Es gibt einen Haken.

Ein erheblicher technischer Fehler führt dazu, dass fast eine Million Menschen – hauptsächlich Senioren – dauerhaft von diesem Zahlungssystem ausgeschlossen sein könnten. Wir drängen auf Innovationen und lassen dabei einen großen Teil der Bevölkerung zurück. Ist es wirklich ein Fortschritt, wenn es Ausgrenzung fordert?

Wie Zahlungen per Fingerabdruck Transaktionslimits aufheben

Kontaktloses Bezahlen hat die Warteschlangen an der Kasse bereits beschleunigt. Jetzt verschieben biometrische Karten diese Grenze noch weiter. Das Konzept ist einfach. Sie drücken Ihren Finger fest gegen ein kleines Lesegerät, das am Rand der Karte eingelassen ist. Anschließend halten Sie die Karte gegen das Terminal. Die Magie liegt im Detail.

Im Gegensatz zu herkömmlichen Tap-to-Pay-Transaktionen, die bei 50 € eingefroren sind, entfällt bei der biometrischen Authentifizierung die Obergrenze vollständig. Sie können alles kaufen. Bei größeren Beträgen ist keine PIN-Eingabe erforderlich. Das Sicherheitsmodell ist robust. Ihr Fingerabdruck wird in ein mathematisches Modell umgewandelt. Diese Daten werden in einem undurchdringlichen Chip auf der Karte selbst gespeichert. Weder der Händler noch Ihre Bank speichern eine Kopie Ihrer biometrischen Daten auf einem zentralen Server. Die Karte ist außerdem batterielos. Es bezieht Strom direkt aus dem Magnetfeld des Zahlungsterminals.
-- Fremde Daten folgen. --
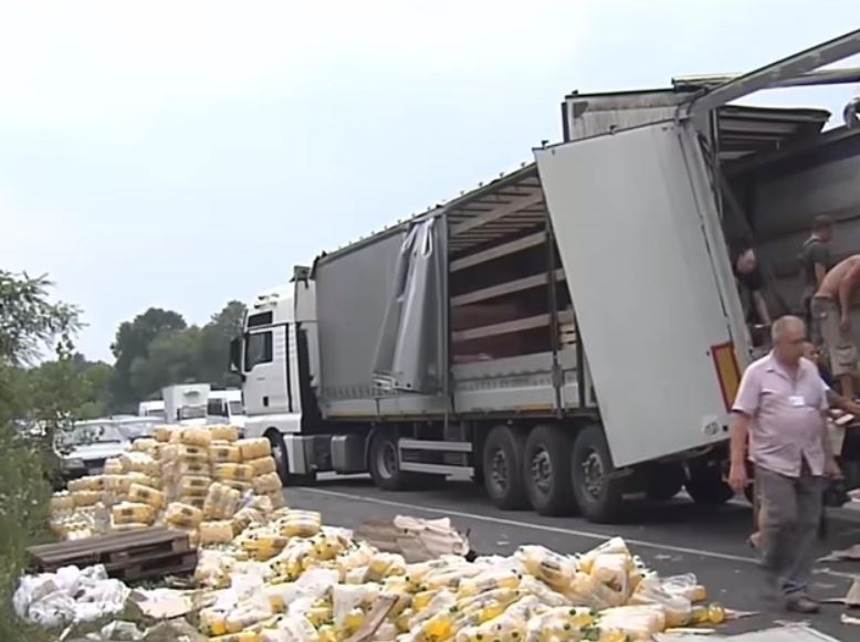 Грузовик перегородил дорогу и растерял груз, а это были сотни ящиков с газированной водой выпали на дорогу. В результате, часть воды из бутылок разлилась и трассу залило сладким лимонадом.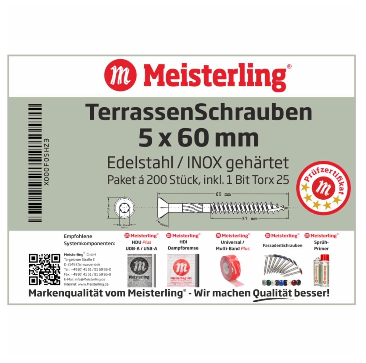 Meisterling Vis pour terrasse 90° 5x60 mm, 1200 pcs., tête fraisée, filetage Torx 2/3, acier inoxydable VA (6x 010010000021)

Einzelhändler haben diese Technologie im vergangenen Frühjahr validiert, mit dem Ziel, die täglichen Ausgaben so sauber und entscheidend zu gestalten wie ein scharfes Schneiden einer Gartenschere.

Die Vorteile liegen auf der Hand:

  • Keine Ausgabenobergrenzen: Jeder Betrag kann mit einer einzigen Geste bezahlt werden.
  • Autarker Betrieb: Die Karte bezieht Energie vom Terminal, sodass keine leeren Batterien vorhanden sind.
  • Privater Speicher: Ihre biometrischen Daten verlassen niemals die Karte und werden niemals in öffentlichen Netzwerken verbreitet.

Die biologische Barriere: Warum glatte Haut Transaktionen blockiert

Hinter der glänzenden Fassade moderner Bequemlichkeit verbirgt sich eine harte biologische Mauer. Etwa 5 % der Bevölkerung haben Fingerabdrücke, die aktuelle Scan-Chips einfach nicht lesen können. Gartenarbeit nährt die Seele. Handarbeit nicht. Längere körperliche Arbeit und die unvermeidliche Alterung verändern die menschliche Epidermis auf irreversible Weise. Mit zunehmendem Alter trocknet die Haut aus. Die winzigen Rillen, aus denen ein Fingerabdruck besteht, werden flacher. Dies macht eine Identifizierung bei Präzisionsmaschinen nahezu unmöglich.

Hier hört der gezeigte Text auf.